> **Dataset content**:
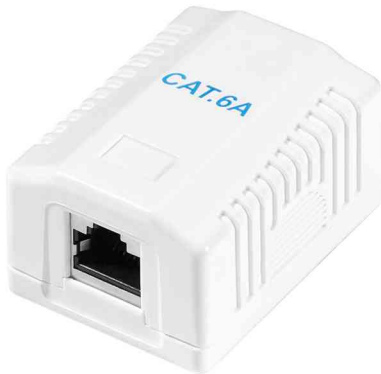
Anschlussdose Kat.6A mit Aufputzbox, 1 x RJ45

- geeignet für alle Datenübertragungen bis Gigabit Ethernet inklusive PoE und PoE+
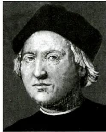
Hình 4 - C. Cô-lôm-bô (1451 - 1506)

Những cuộc phát kiến địa lí đã góp phần thúc đẩy thương nghiệp châu Âu phát triển và đem lại cho giai cấp tư sản châu Âu những nguồn nguyên liệu quý giá, những kho vàng bạc, châu báu khổng lồ cùng những vùng đất mênh mông ở châu Á, châu Phi và châu Mĩ.

> **Task to carry out**:
Would you transcribe, unchanged, every line of the material from the one containing "Hình 4 - C. Cô-lôm-bô (1451 - 1506)" to the very end, including both, and nothing else?

> **Answer to this task**:
Hình 4 - C. Cô-lôm-bô (1451 - 1506)

Những cuộc phát kiến địa lí đã góp phần thúc đẩy thương nghiệp châu Âu phát triển và đem lại cho giai cấp tư sản châu Âu những nguồn nguyên liệu quý giá, những kho vàng bạc, châu báu khổng lồ cùng những vùng đất mênh mông ở châu Á, châu Phi và châu Mĩ.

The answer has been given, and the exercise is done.